Cybersecurity attacks on software logic and error handling within ADS-B implementations : systematic testing of resilience and countermeasures

Abstract

Automatic Dependent Surveillance-Broadcast (ADS-B) is a cornerstone of the next-generation digital sky and is now mandated in several countries. However, there have been many reports of serious security vulnerabilities in the ADS-B architecture. In this paper, we demonstrate and evaluate the impact of multiple cyberattacks on ADS-B via remote radio frequency links that affected various network, processing, and display subsystems used within the ADS-B ecosystem. Overall we implemented and tested 12 cyberattacks on ADS-B in a controlled environment, out of which 5 attacks were presented or implemented for the first time. For all these attacks, we developed a unique testbed that consisted of 13 hardware devices and 22 software that ran on Android, iOS, Linux, and Windows operating systems, which result in a total of 36 tested configurations.
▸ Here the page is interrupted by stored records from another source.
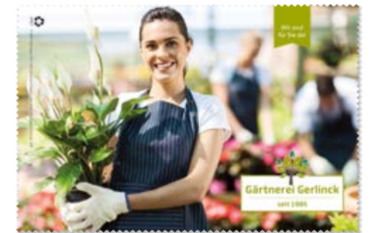
Ansicht des fertigen Brillentuchs
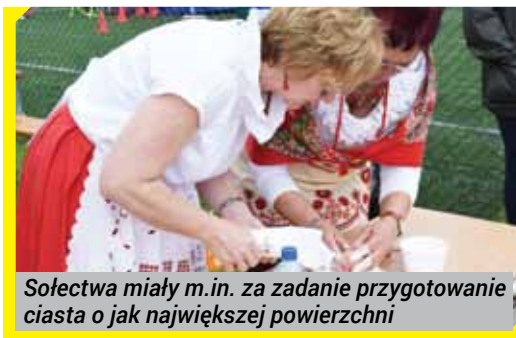
Sołectwa miały m.in. za zadanie przygotowanie ciasta o jak największej powierzchni
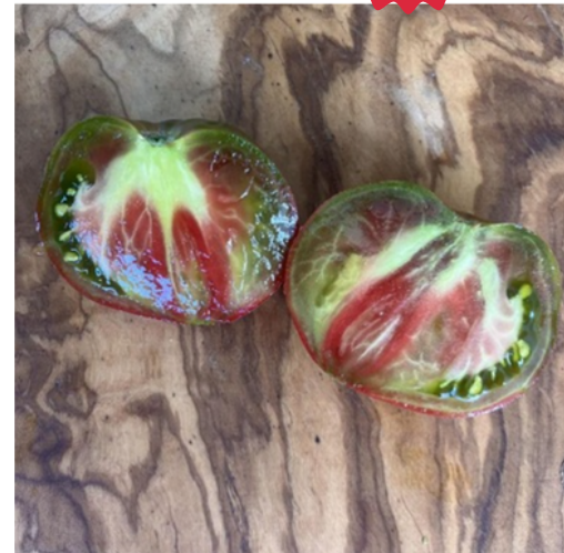
Ananasnoe (coeur d'ananas)
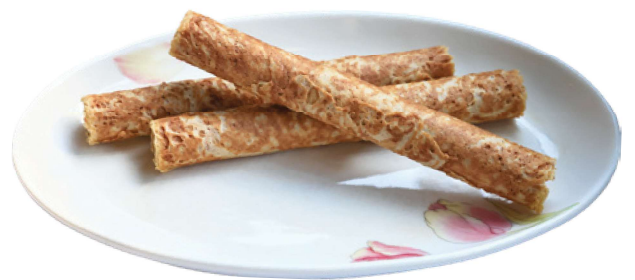
集集必買伴手禮 山蕉蛋捲

新，全面提升基礎設施。終於在2026年1月列車復駛至集集站，並規劃於7月全線通車！期能重新帶動沿線的觀光與活力。當您拜訪集集線，這裡不僅是一條旅遊的路線，更是一段災後重生、再次啟程的鐵道史。
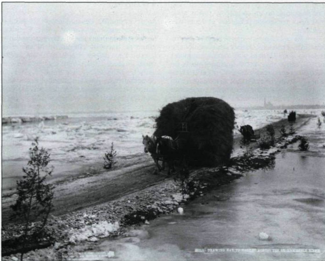
Drawing Hay to Market across the St. Lawrence River. Cette photographie de William Notman and Son montre le pont de glace entre Longueuil et Montréal vers 1903. (Musée McCord, collection Notman).

Each of the attacks was successful on various subsets of the tested configurations. In some attacks, we discovered wide qualitative variations and discrepancies in how particular configurations react to and treat ADS-B inputs that contain errors or contradicting flight information, with the main culprit almost always being the software implementation. In some other attacks, we managed to cause Denial of Service (DoS) by remotely crashing/impacting more than 50% of the test-set that corresponded to those attacks. Besides demonstrating successful attacks, we also implemented, investigated, and report herein some practical countermeasures to these attacks. We demonstrated that the strong relationship between the received signal strength and the distance-to-emitter might help verify the aircrafts advertised ADS-B position and distance. For example, our best machine learning models achieved 90% accuracy in detecting spoofed ADS-B signals, which may be effectively used to distinguish ADS-B signals of real aircraft from spoofed signals of attackers.